_Data_
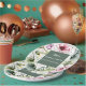 Platos de fiesta floral de bonito que te ayudarán a celebrar los 50 años de estilo. Los florales son multicolores con énfasis en el verde y el rosa en un estilo acuarela con un guión blanco. Las placas pueden ser totalmente personalizadas para reflejar cualquier edad u ocasión y honores. Son parte de una colección más grande que incluye invitaciones, servilletas de papel, velas, pegatinas y mucho más, todo diseñado para mezclarse armoniosamente con el tema de las placas. Esta colección cohesiva de suministros de fiesta asegura que su celebración esté bellamente coordinada
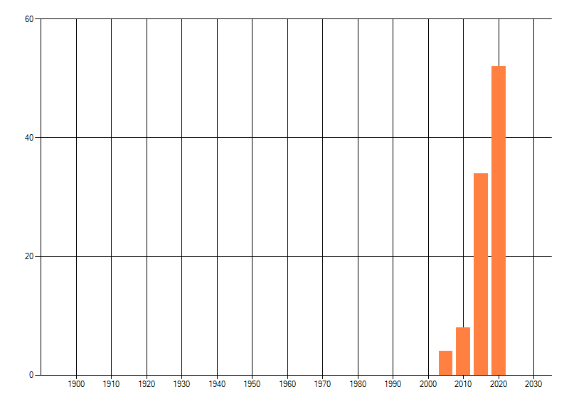 Het aantal atlasblokken (5x5 km) waarin de soort is gemeld binnen een periode van vijf jaar (vanaf 1980) of twintig jaar. Niet gecorrigeerd voor waarnemersinspanning en het aantal doorgegeven waarnemingen kan sterk variëren per periode, dus een trend in verspreiding kan hier niet direct uit worden afgelezen. Het opgegeven jaartal is het eerste jaar van de periode. Bron: gevalideerde waarnemingen uit de NDFF.
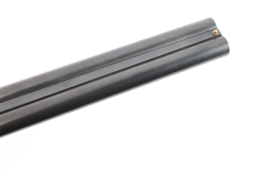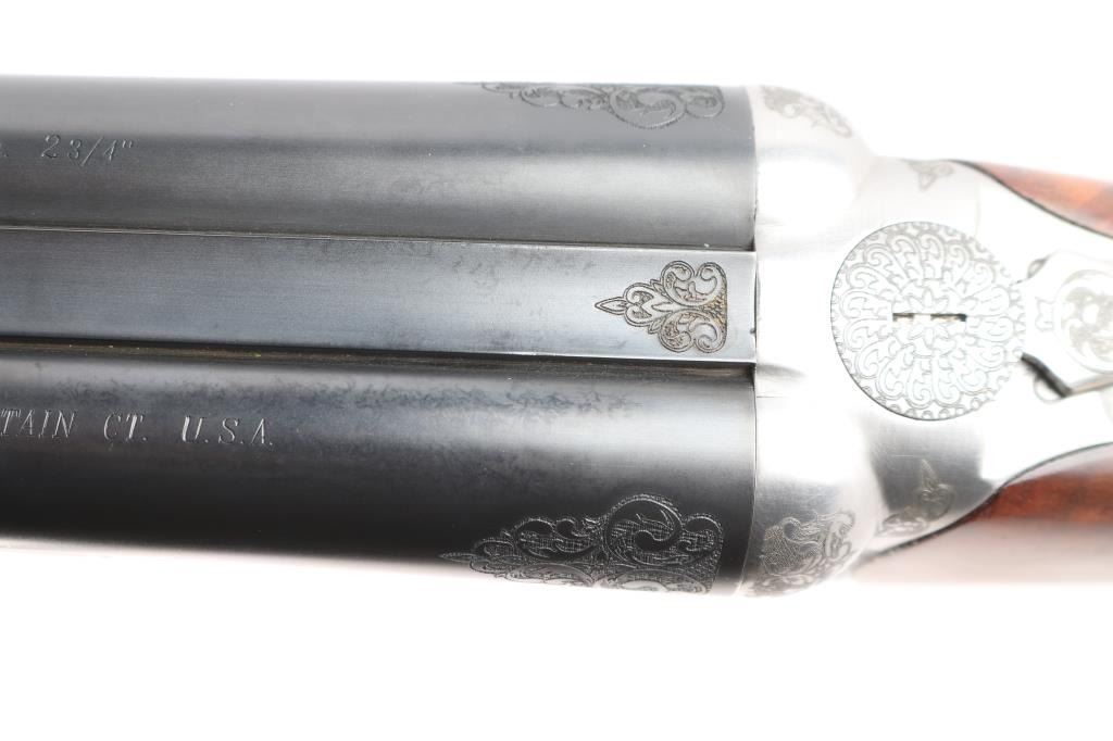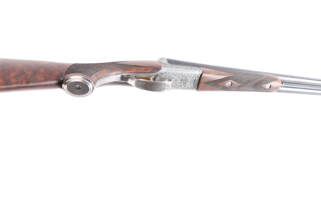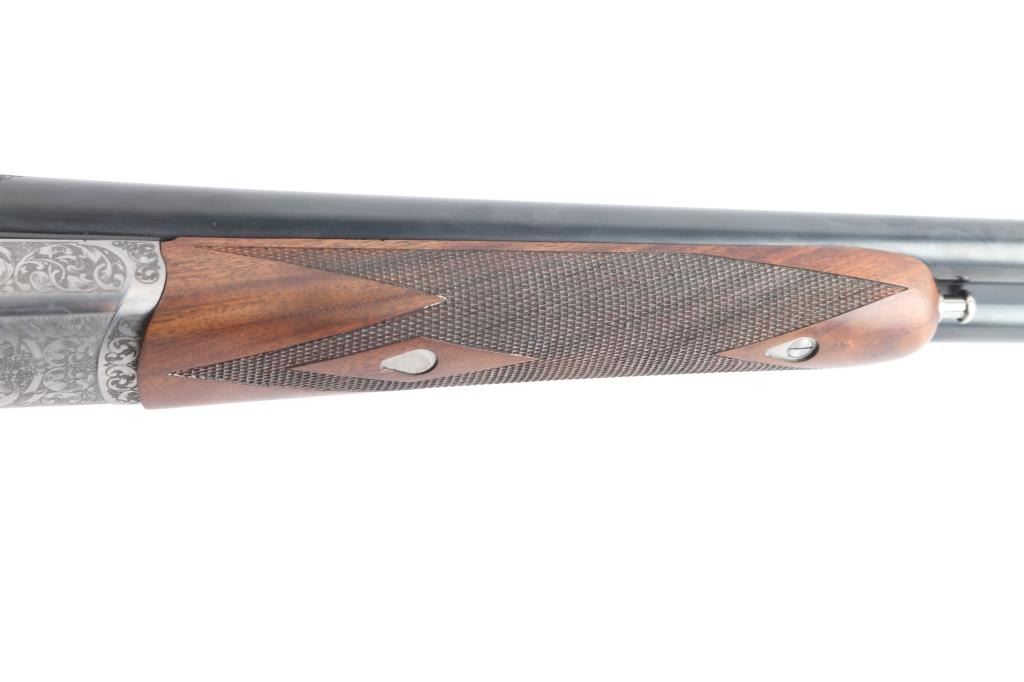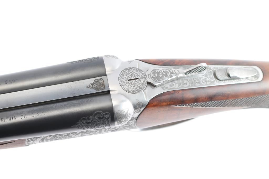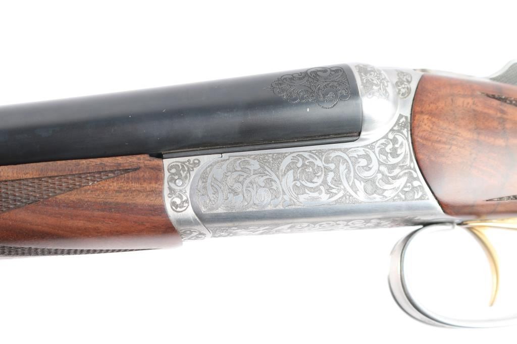 SN: RBL002080. RBL (Round Body Boxlock) 'Launch Edition' Fine American made round-action side-by-side shotgun chambered for 2 3/4" 20 gauge shells. Features 28" blued barrels with removable Mod. & Full chokes, automatic ejectors, concave rib, brass bead front sight, beautiful full coverage scroll engraving, coin finished receiver, polished grip cap, double gold toned triggers, auto tang safety, checkered top-lever, 14 1/4" length of pull, fancy checkered 3x walnut forend and straight grip shoulder stock with serrated hard rubber buttplate. Includes a Galazan tradition English style trunk case wrapped in canvas with maroon felt lined interior which includes a cleaning set, accruements and leather choke pouch with Skeet, Imp. Cyl , Improved Modified & tool. All in excellent condition with the exception on the right case buckle is missing the prong. Matching SN on upper tang, watertable and barrels. Shotgun exhibits all of it's original finish. Action is smooth, bores are impeccable and wood stocks are extra fine.
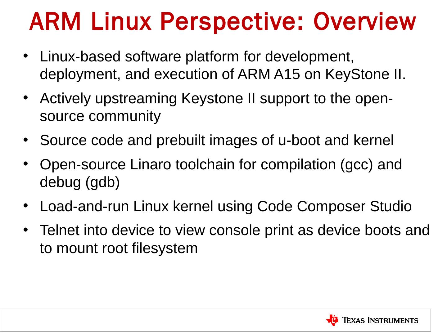 Bootloader ... Linux-based software platform for development, deployment, and execution of ... Generic Interrupt Controller (GIC) using Linux IRQ API for ARM.

_Task_
Pictures aside, return all of the material exactly as written.

_Response below_
 Platos de fiesta floral de bonito que te ayudarán a celebrar los 50 años de estilo. Los florales son multicolores con énfasis en el verde y el rosa en un estilo acuarela con un guión blanco. Las placas pueden ser totalmente personalizadas para reflejar cualquier edad u ocasión y honores. Son parte de una colección más grande que incluye invitaciones, servilletas de papel, velas, pegatinas y mucho más, todo diseñado para mezclarse armoniosamente con el tema de las placas. Esta colección cohesiva de suministros de fiesta asegura que su celebración esté bellamente coordinada
 Het aantal atlasblokken (5x5 km) waarin de soort is gemeld binnen een periode van vijf jaar (vanaf 1980) of twintig jaar. Niet gecorrigeerd voor waarnemersinspanning en het aantal doorgegeven waarnemingen kan sterk variëren per periode, dus een trend in verspreiding kan hier niet direct uit worden afgelezen. Het opgegeven jaartal is het eerste jaar van de periode. Bron: gevalideerde waarnemingen uit de NDFF.
 SN: RBL002080. RBL (Round Body Boxlock) 'Launch Edition' Fine American made round-action side-by-side shotgun chambered for 2 3/4" 20 gauge shells. Features 28" blued barrels with removable Mod. & Full chokes, automatic ejectors, concave rib, brass bead front sight, beautiful full coverage scroll engraving, coin finished receiver, polished grip cap, double gold toned triggers, auto tang safety, checkered top-lever, 14 1/4" length of pull, fancy checkered 3x walnut forend and straight grip shoulder stock with serrated hard rubber buttplate. Includes a Galazan tradition English style trunk case wrapped in canvas with maroon felt lined interior which includes a cleaning set, accruements and leather choke pouch with Skeet, Imp. Cyl , Improved Modified & tool. All in excellent condition with the exception on the right case buckle is missing the prong. Matching SN on upper tang, watertable and barrels. Shotgun exhibits all of it's original finish. Action is smooth, bores are impeccable and wood stocks are extra fine.
 Bootloader ... Linux-based software platform for development, deployment, and execution of ... Generic Interrupt Controller (GIC) using Linux IRQ API for ARM.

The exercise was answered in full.